Roma, Parigi, Roma, Città del Messico, Madrid, Pasadena, Rotterdam, Berlino, Kiev, Londra: quattro titoli mondiali, un titolo continentale, quattro finali perse. Domenica, in una data che rievoca la notte storica dell'urlo di Tardelli, gli azzurri andranno all'assalto dell'Europeo dopo aver battuto la Spagna ai rigori



Roma, Parigi, Roma, Città del Messico, Madrid, Pasadena, Rotterdam, Berlino, Kiev, Londra. L'Italia conquista la decima finale della sua storia e si ritaglia altri giorni di speranza e godimento. Quattro titoli mondiali, un titolo europeo, quattro finali perse: questo il bilancio azzurro con l'ultimo ko datato 2012 proprio contro la Spagna.

A Wembley, domenica, affronteremo una tra Inghilterra e Danimarca. Sarà l'11 luglio, una data che per il nostro calcio è spartiacque e che evoca ricordi potenti, di quelli capaci di segnare una generazione e cambiare il corso della storia: il Bernabeu, l'urlo di Tardelli, l'esultanza di Pertini, Paolo Rossi, le mani di Zoff sulla Coppa del Mondo.

La Nazionale di oggi gioca di squadra, vince con il gruppo e ha dimostrato di saper fare tutto: palleggiare, chiudersi, colpire di rimessa, attaccare con tanti uomini, soffrire. Non ha top player, anche se Donnarumma, Jorginho e Chiesa, proprio in questi Europei, stanno salendo qualche gradino nella classifica dei migliori. E' una selezione in cui il valore assoluto è superiore alla somma dei singoli, roba che succede di rado.

Con la Spagna senza prime punte e con un centrocampo infarcito di qualità, l'Italia ha ballato come mai. Ha corso a vuoto, ha rincorso, si è spompata ma è rimasta sempre attaccata alla partita. Barcollante ma viva.
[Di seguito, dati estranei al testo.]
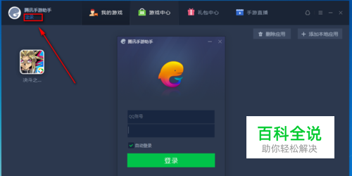 首先点击右上角的“登录”按钮,输入账号和密码登录腾讯手游助手。笔者用手游“决斗之城”双开做个示范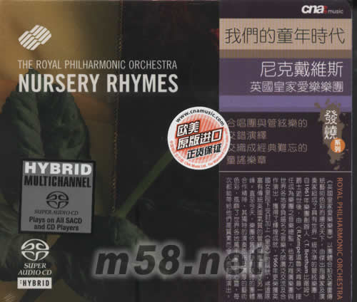 價格為估,以實到貨為準(zhǔn)! 我們的童年時代 NURSERY RHYMES SACD(m58.net) 有沒有記起小時候我們在校園唱游堂皇上常常唱著的英式童謠歌曲,或是在詩歌班堂上練習(xí)時準(zhǔn)備作為表演的歌曲;隨著年代的不段變化,我們再接觸到這類英式文化的機會也相對越來越少,而童年那份回憶亦漸漸從記憶中擱淺下來。我們幸運地有機會再能從拾這些漸淡忘的記憶:《英男皇家愛樂樂團》重新推出這一張被譽為現(xiàn)今市面上最具娛樂性的童謠合唱發(fā)燒專輯。本碾精挑細(xì)選了二十首不可多得的經(jīng)典英語童謠《TWINKLE,TWINKLE LITTLE STAR》,中言語版本譯作[一閃一閃小星星];本歌曲先由管樂器帶領(lǐng)合唱團和聲,再由女聲唱出歌曲熟悉的每字一名,隨著澎湃管弦樂的互相襯托下,將歌曲的神髓推上高潮,感覺就仿佛將整座大教堂搬到面前一樣;接著的還有是哼唱得耳熟能詳?shù)摹禠AVENDER‘S BLUE》、《POLLY PRT THE KETTLE ON》、《MARY HAD A LITTLE LAMB》、《HEY DIDDLE DIDDIE》、《THREE BLIND MICE》、《SING A SONG OF SIXPENCE》、等童謠心備歌曲,這些歌曲深得很多著名的卡通動畫片段都取自這些歌曲作為背景音樂。最后當(dāng)然不能不提的是無人不曉的《LINDON BRIDGE》,就連三歲小孩也時常口中哼著唱的[有只雀仔跌落水]原版歌曲;本歌曲先由經(jīng)松的吹奏樂器引子帶出歌曲旋律,跟著男聲及女聲一唱一各互唱緊接著,再加上剛?cè)岵墓芟覙放荦執(zhí)装樽嘞拢瑲夥諢狒[,感覺煥然一新。本專輯由著名指揮大師《NICK DAVIES尼克戴維斯》帶領(lǐng)《英國皇家愛樂樂團》及各合唱團傾力演栓;先論選曲、編曲以至演繹都達(dá)至超級水準(zhǔn),尤其是在編曲及演繹方面,是有別於一般普通童謠合唱歌曲之音樂軟件;本專輯融入了大量古典音樂中的復(fù)雜元素,演唱時經(jīng)松自然,高潮時則氣勢磅礴,再以SACD高科技錄音技術(shù)制作,音色更臻完美!

Ha rischiato di perdere, ha rischiato di vincere ben prima dei rigori. E' organizzata, ha coesione, ha anima e il merito di Mancini è soprattutto questo, confortato dai numeri (33 partite senza sconfitte, solo 3 gol al passivo a Euro2020) e dagli abbracci sentiti, partecipati con il suo staff e i suoi calciatori.

Della semifinale di ieri ci portiamo dietro la classe di Olmo e Pedri, le stelle e la polvere di Morata e la signorilità di Luis Enrique, che aveva azzeccato la formazione senza prime punte, che ha messo in mostra una sportività ormai merce rara e che, per quel che la vita gli ha riservato, andrebbe abbracciato a prescindere.
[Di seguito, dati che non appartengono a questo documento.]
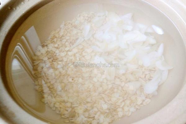 6.锅中加水,下燕麦片,小米,百合冰糖开始熬粥了。

Poi c'è tutto il resto: l'inno di Mameli, il gol funambolico di Chiesa, Chiellini che dà del ''mentiroso'' a Jordi Alba prima dei rigori, il penalty decisivo di Jorginho trasformato con la solita, impressionante freddezza. E' una di quelle partite che ricorderemo dove l'abbiamo vista e con chi.

E domenica sarà ancora più bella. 39 anni dopo il triplice ''campioni del mondo'' di Nando Martellini, si rinnova l'appuntamento con la storia. L'Italia ci arriva carica e in fiducia. Di qui all'11 luglio saranno giorni lunghissimi.